FIGURE 1. Investigation of multi-allelic InDels with random sequences across the genome. (A) Number of multi-allelic InDels with random sequences with relative allele counts. Alleles with allele frequency >0.01 were considered as valid alleles. (B) Frequency distribution of multiple alleles at the multi-allelic InDels. Alleles were sorted in a descending order by frequency in the global population at each multi-allelic InDel marker. Alleles with the 6 highest frequencies were referred to as alleles 1–6. (C) Genomic distribution of the multi-allelic InDels with random sequences located in repeat elements. LTR, long terminal repeat; SINE, short interspersed element; LINE, long interspersed element. (D) Genomic distribution of the multi-allelic InDels with random sequences located in annotated human genes.

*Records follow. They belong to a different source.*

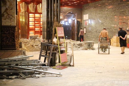 2016年7月12日,郑州“皇家一号”,曾是高端夜总会的代名词,因涉嫌色情违法行为,开业仅1年多,被河南警方“异地用警”查处。从2013年11月至今已尘封2年9个月。7月12日,“皇家一号”的家具设备突然被货车拉走变卖,室内装修也被拆除。东方IC供图
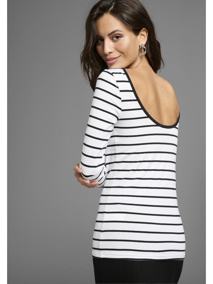 Женская рубашка с длинными рукавами от Laura Scott, которая легко комбинируется с другими вещами, с вырезом сзади. Облегающий крой до бедер дополнен модным и спортивным контрастным поясом. Верх из эластичного трикотажа отличается высоким уровнем комфорта.
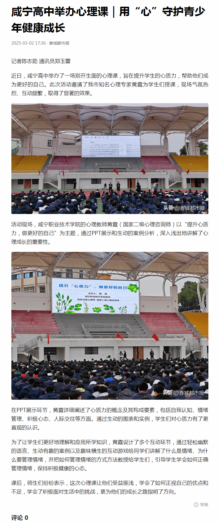 【香城都市报】黄霞 咸宁高中举办心理课|用“心”守护青少年健康成长
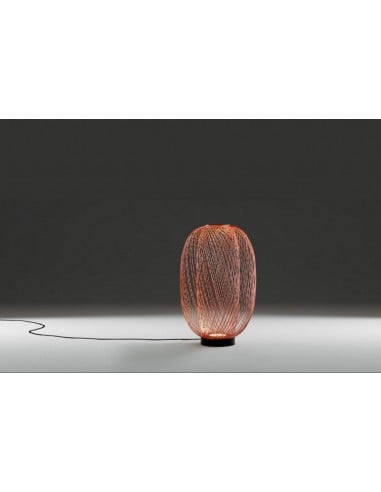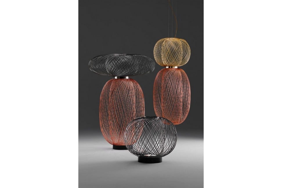 La collection Anwar est l'une des lignes les plus attrayantes réalisées par la marque espagnole d'éclairages de design Parachilna.Née d'une idée du designer primé Stephen Burks, Anwar se compose de lampes au style innovant et aux formes affirmées, capables de fasciner et d'attirer l'attention. La version sur pied présente une structure arrondie constituée d'un réseau de cordes en acier électroplaqué disponible en noir, or et cuivre. Ses généreuses dimensions sont équilibrées par la légèreté de sa structure tissée, qui permet de la placer à n'importe quel endroit de la pièce sans obstruer visuellement le mobilier environnant. La source lumineuse est positionnée à la base et pointe vers le haut, traversant les rayons en acier et projetant dans l'environnement de délicates ombres géométriques.
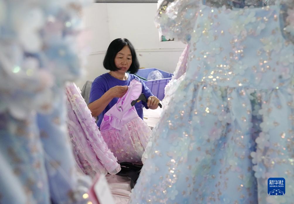 9月6日,工人在遵化市石门镇一家服装加工企业的成品车间整理童装。
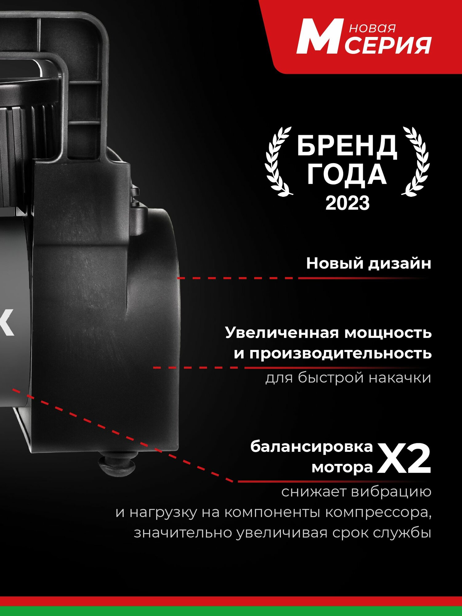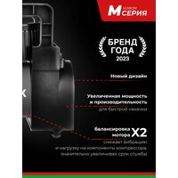 Данная модель принадлежит к новой серии компрессоров «М». Это модифицированная серия компрессоров, которая была создана с учетом потребностей клиентов. Основные отличия серии «М»: новый дизайн; увеличенная мощность и производительность; 2X двойная балансировка мотора (в 2 раза снижает вибрацию и нагрузку на компоненты компрессора, значительно увеличивая срок службы); увеличенная длина провода питания (делает компрессор более универсальным). Бесшумный компрессор обладает мощностью 100 ватт и увеличенными щетками электромотора.
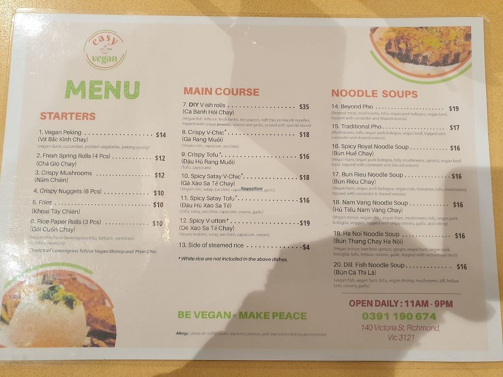 - Google Map's Top Rated Restaurant. I was in the North Richmond area and Easy Vegan showed up as the Top Rated Vegan Restaurant near me so I decided to try and that was the moment I knew this would be my go-to from now on. Nam is the legend! Cảm ơn🤍🙏

The physical distribution of these multi-allelic InDels on autosomes was examined in relation to repeat elements and different genomic partitions. Accordingly, 1,128 multi-allelic InDels (31.34%) were located within known repeat elements, including short interspersed (SINE), long interspersed (LINE), and long terminal repeat (LTR) elements (Figure 1C). Meanwhile, 2,081 of the multi-allelic InDels (57.82%) were located within known genes (Figure 1D), in which 1,999 markers were located at the introns of genes, 156 markers were located in the exons of genes, and 15 multi-allelic InDels were located within the coding regions of genes (Supplementary Table S1).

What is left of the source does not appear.